Every line below is to be given again precisely; images are to be left out.
[Start of section]
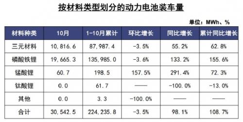 虽然在10月份多家电池厂商装车量出现下跌,但截止今年1-10月,我国动力电池累计装车量累计达224.2GWh,同比增大涨108.7%。其中三元锂电池装车量88.0GWh,占比39.2%,磷酸铁锂电池装车量136.0GWh,占比60.6%。
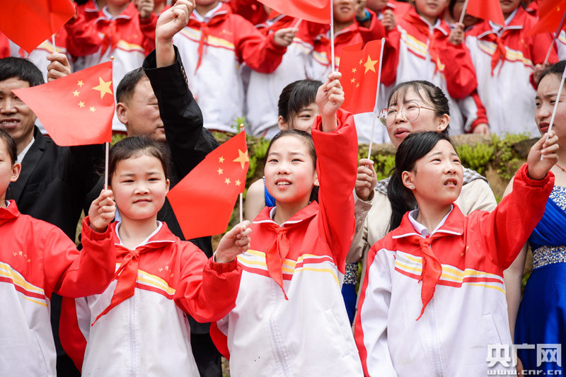 學生們揮動小紅旗(央廣網發(fā) 通訊員方華彬/攝)
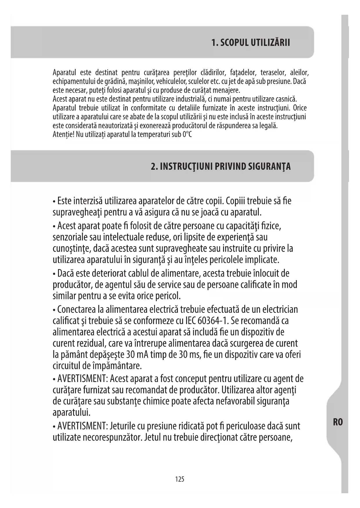 - AVERTISMENT: Aparatele de curățare cu presiune înaltă nu trebuie utilizate de către copii sau de către personal neinstruit.
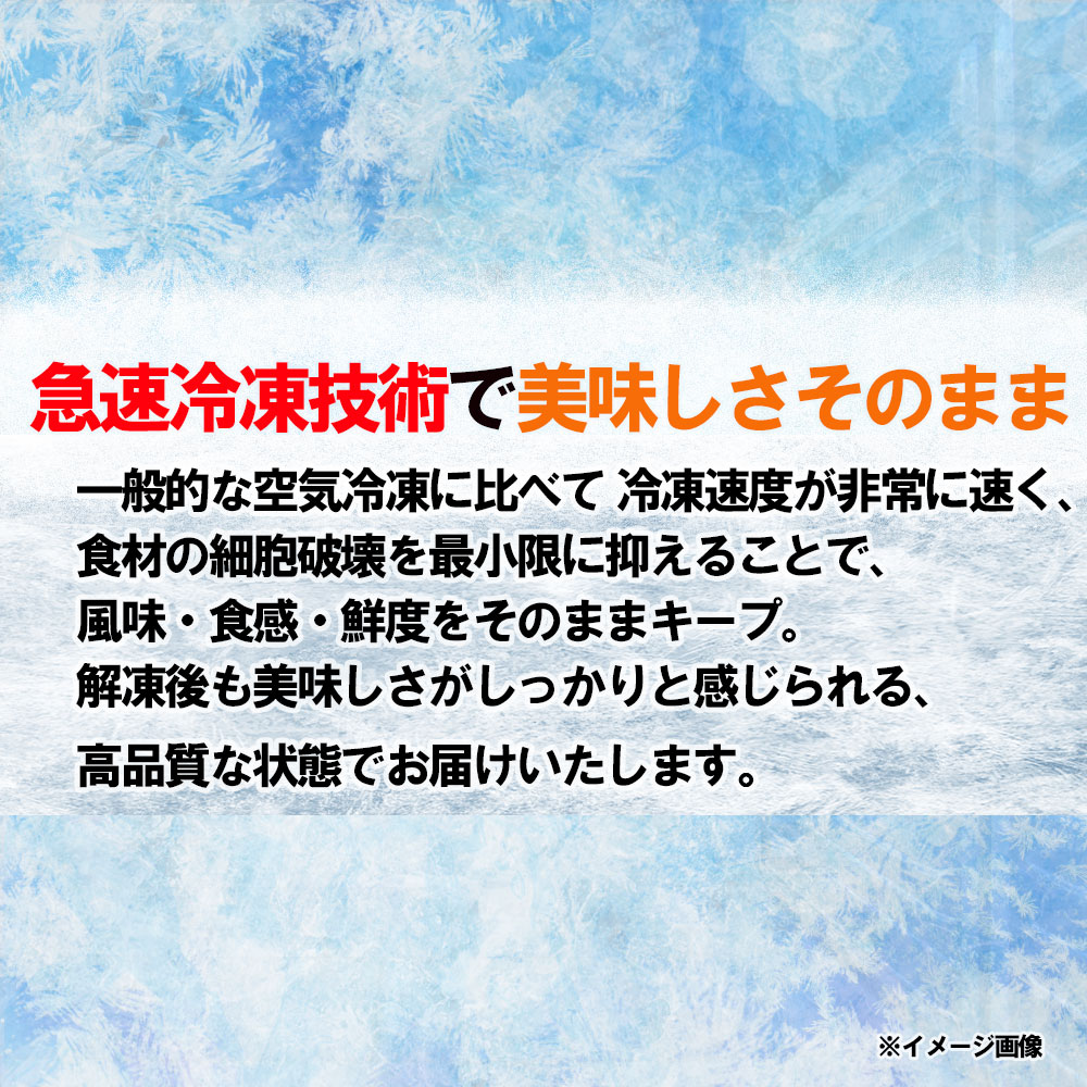 一般的な空気冷凍に比べて冷凍速度が非常に速く、食材の細胞破壊を最小限に抑えることで、 風味・食感・鮮度をそのままキープ。 解凍後も美味しさがしっかりと感じられる、高品質な状態でお届けいたします。
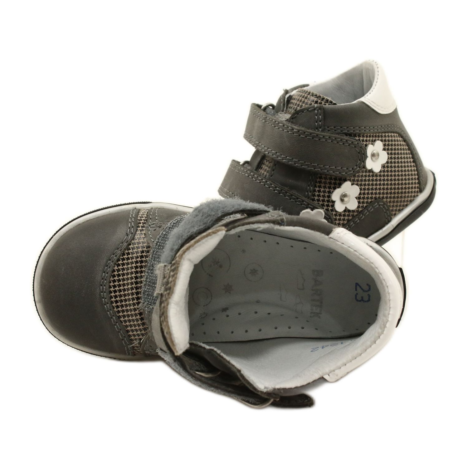 Elegantní a pohodlné boty polské značky Bartek, model 91904-1FN, v univerzální šedé barvě s jemnými bílými květy. Navrženo s ohledem na správný vývoj dětských nožiček - kombinace přírodních materiálů, promyšlená konstrukce a estetické provedení.
[End of section]
--- Final answer ---
 虽然在10月份多家电池厂商装车量出现下跌,但截止今年1-10月,我国动力电池累计装车量累计达224.2GWh,同比增大涨108.7%。其中三元锂电池装车量88.0GWh,占比39.2%,磷酸铁锂电池装车量136.0GWh,占比60.6%。
 學生們揮動小紅旗(央廣網發(fā) 通訊員方華彬/攝)
 - AVERTISMENT: Aparatele de curățare cu presiune înaltă nu trebuie utilizate de către copii sau de către personal neinstruit.
 一般的な空気冷凍に比べて冷凍速度が非常に速く、食材の細胞破壊を最小限に抑えることで、 風味・食感・鮮度をそのままキープ。 解凍後も美味しさがしっかりと感じられる、高品質な状態でお届けいたします。
 Elegantní a pohodlné boty polské značky Bartek, model 91904-1FN, v univerzální šedé barvě s jemnými bílými květy. Navrženo s ohledem na správný vývoj dětských nožiček - kombinace přírodních materiálů, promyšlená konstrukce a estetické provedení.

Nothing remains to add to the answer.